A distant eruption of high-energy gamma rays is evidence for a black hole swallowing another dense object called a neutron star, astronomers announced today.
These infrared images of GRB 050724 and its host galaxy were taken with the Carnegie Observatories' Magellan telescopes. The red color of the elliptical host galaxy shows that no new stars have been forming for several billion years, implicating old neutron stars, or a neutron star and a black hole, as the source of short gamma-ray bursts
These infrared images of GRB 050724 and its host galaxy were taken with the Carnegie Observatories' Magellan telescopes. The red color of the elliptical host galaxy shows that no new stars have been forming for several billion years, implicating old neutron stars, or a neutron star and a black hole, as the source of short gamma-ray burstsImage Courtesy Edo Berger / Carn / Carnegie Observatories
/ Source: Space.com

A distant eruption of high-energy gamma rays is evidence for a black hole swallowing another dense object called a neutron star, astronomers announced today.
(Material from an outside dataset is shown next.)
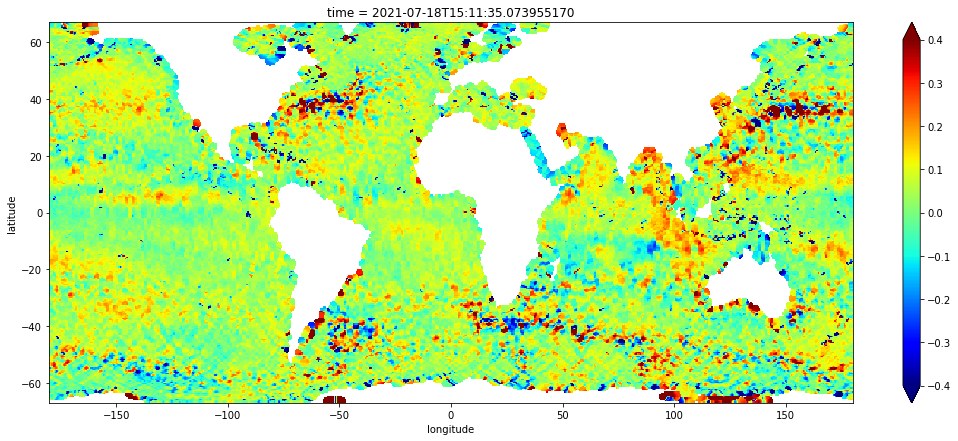 =slice(-67.0, 67.0)).plot(vmin=-0.4, vmax=0.4, cmap="jet", figsize=(18, 7)) grid.sel(latitude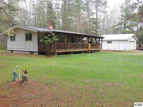 Location, location, location! This manufactured year-round home sits on 3 acres, surrounded by beautiful white pine, red pine, and birch trees giving the feeling of serenity and privacy in the northland! However, this home also is conveniently located within walking distance to Scenic Pines Convenience Store & Restaurant, as well as the boat access for Round Lake. This is your opportunity to live the northern life without paying the lake taxes. The 3 bedroom, 1 bath home features a full unfinished basement, new carpeting, and a new roof. Enjoy a cup of coffee and listen to the birds on the huge front porch every morning at your new scenic abode!

A neutron star is a stellar corpse with a mass a few times larger than that of our own sun, packed into a space no more than 12 miles (20 kilometers) across. Black holes are even denser objects, so dense that matter and even light can't escape once inside their spheres of invisible influence.
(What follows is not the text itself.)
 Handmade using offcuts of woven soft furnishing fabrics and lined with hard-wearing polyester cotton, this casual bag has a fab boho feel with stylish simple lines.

Scientists have long suspected that collisions between these objects are common. Other recent bursts have looked similar, but observations from NASA's orbiting Swift satellite and other telescopes, recorded July 24 and reported in Thursday's issue of the journal Nature, are the most detailed.
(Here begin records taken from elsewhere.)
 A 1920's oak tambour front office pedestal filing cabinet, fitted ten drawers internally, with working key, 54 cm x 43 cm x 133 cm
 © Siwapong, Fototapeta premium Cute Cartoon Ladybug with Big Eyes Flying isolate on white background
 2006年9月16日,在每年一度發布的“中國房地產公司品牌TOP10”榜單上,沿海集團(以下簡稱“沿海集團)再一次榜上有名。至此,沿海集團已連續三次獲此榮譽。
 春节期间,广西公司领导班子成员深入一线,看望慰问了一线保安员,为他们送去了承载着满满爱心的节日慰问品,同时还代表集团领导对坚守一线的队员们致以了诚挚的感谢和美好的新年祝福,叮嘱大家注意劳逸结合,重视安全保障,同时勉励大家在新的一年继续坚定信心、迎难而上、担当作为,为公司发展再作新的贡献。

Astronomers speculated about what might have happened.

"For billions of years, this black hole and neutron star orbited each other in a gravitational tug-of-war," said Scott Barthelmy of NASA Goddard Space Flight Center. "The neutron star lost."

The flash of gamma rays lasted just a few milliseconds. Afterglows of  X-rays, radio waves, visible and infrared light were detected thereafter.

The afterglows are an important clue.

Barthelmy and colleagues figure the neutron star was stretched into a crescent shape as "crumbs" broke off. The black hole might have swallowed the bulk of the neutron star in one gulp, while the other chunks were consumed in the hours that followed. Each bite generated radiation.

If the event, named GRB 050724, had been a merger between two neutron stars, there wouldn't have been so many crumbs left over. The two objects would smash, instantly form a black hole, and after a modest afterglow no more light would be seen, the astronomers theorize.

Colliding black holes likewise should not generate much afterglow.

Longer gamma-ray bursts, lasting seconds, are thought to signal the deaths of massive stars at the ends of their normal lives.

"There's only one thing I know of that could rip apart a neutron star with bits flying out, and that's a black hole," said one of the study's co-authors, Peter Meszaros of Penn State University. "Now we have the first evidence that this might actually be occurring."

The apparent merger took place in the outskirts of an old, mostly dead galaxy known to be loaded with neutron stars and black holes. That further suggests the event was not related to a stellar explosion, which would be more likely to occur in a young, star-forming galaxy.